On 5/25/21 1:41 AM, Simon Wiesheier wrote:
>
> However I am wondering why FE_DGPMonomial<dim> gives my quite good results as
> well. As I said, for "fine meshes" the results of the local and global
> approach are nearly the same and for coarse meshes, i.e. just one or two times
> globally refined meshes, the biggest deviation also reaches not more than 5%.
> I didn´t have to use FE_DGPMonomial so far. I´ve seen that for degree=1 this
> element has only 3 dofs per cell for a scalar problem in 2D, i.e I can not
> extrapolate the 4 qp-values to the nodes. But let´s assume I use this element
> for my local approach.
> -What is the relations of the resulting 3 nodel values to the 4 qp-values? Is
> it still something like minimizing the squared difference or is the idea a
> different one?

Yes, that's what the *projection* does: It minimizes the difference in some
kind of norm.

> -And why is there a difference at all between the local and global approach?
> Should the global approach not result in a block-diagonal matrix as well?

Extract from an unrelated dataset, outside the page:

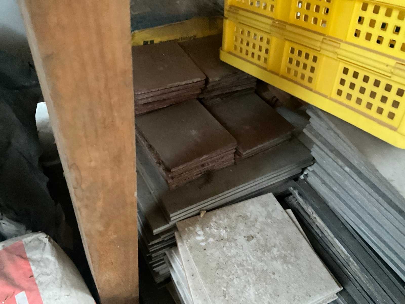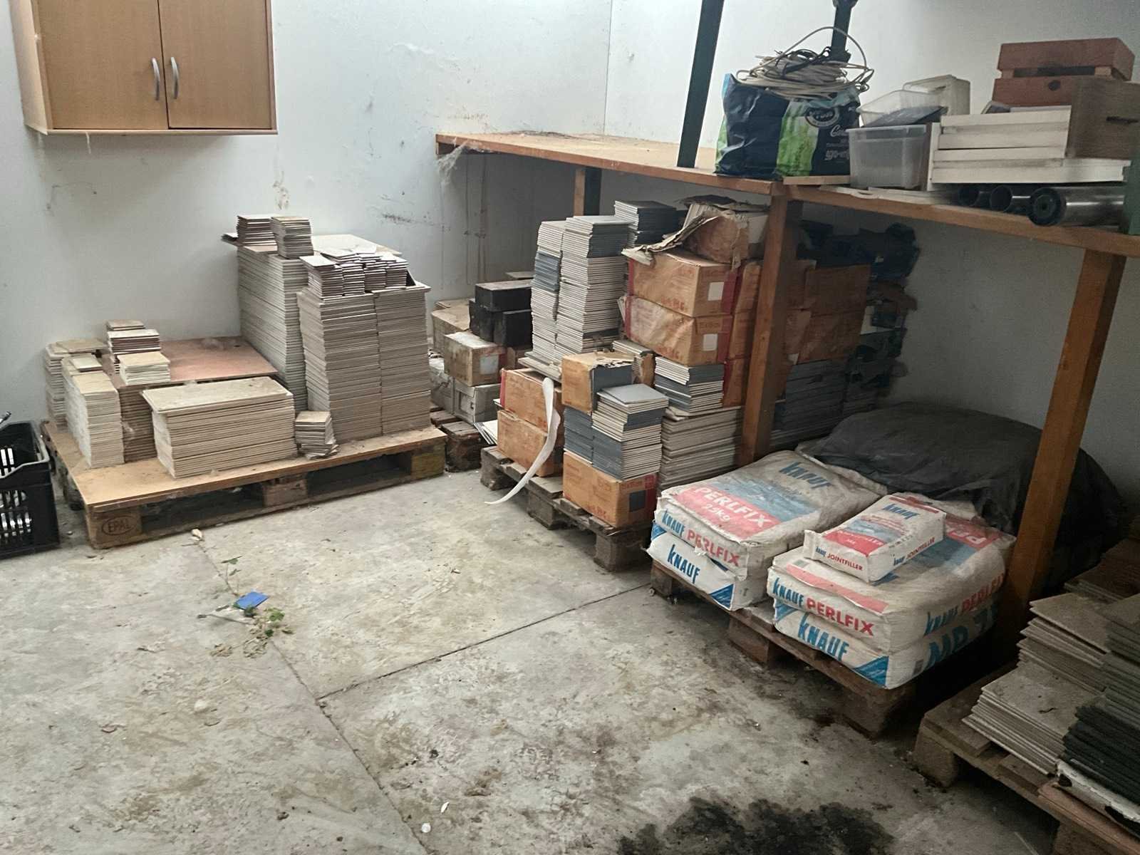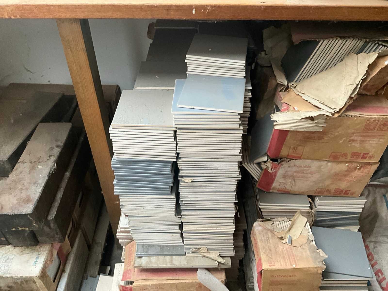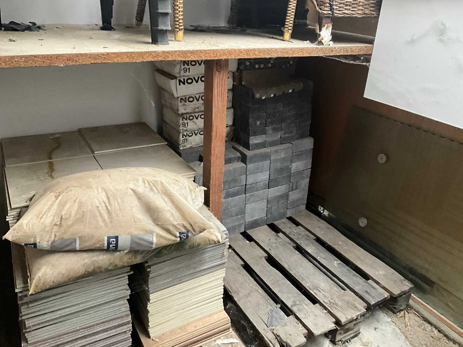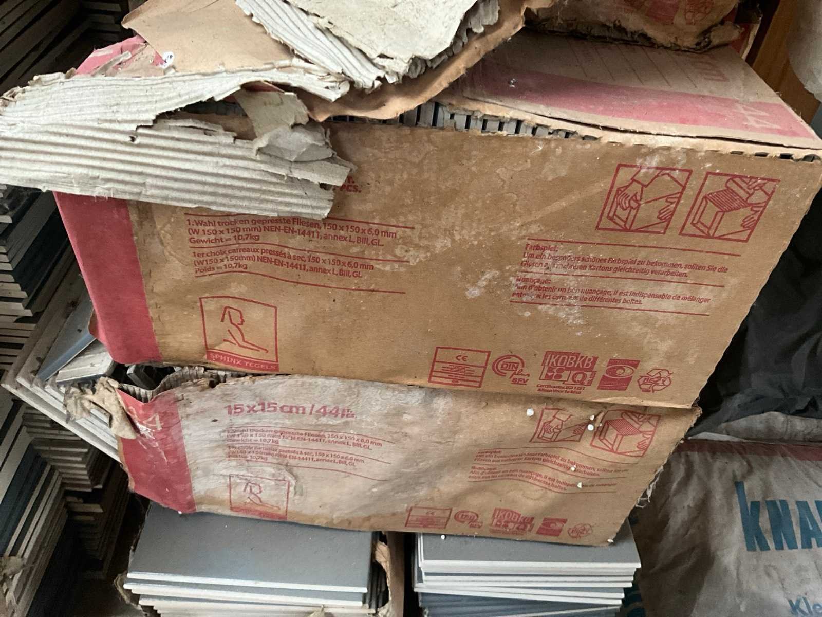 Grote partij diverse tegels in diverse formaten en uitvoeringen, alsook enig toebehoren. Zich bevindend op 10 diverse pall. Nee

The projection is local (=the matrix is block diagonal) if the space is
discontinuous. That is, you should get the same result whether you do the
local or the global projection for both FE_DGQ and FE_DGPMonomial, along with
all other discontinuous elements.

If you get different results between local and global projection for
FE_DGPMonomial, it would be interesting to investigate why.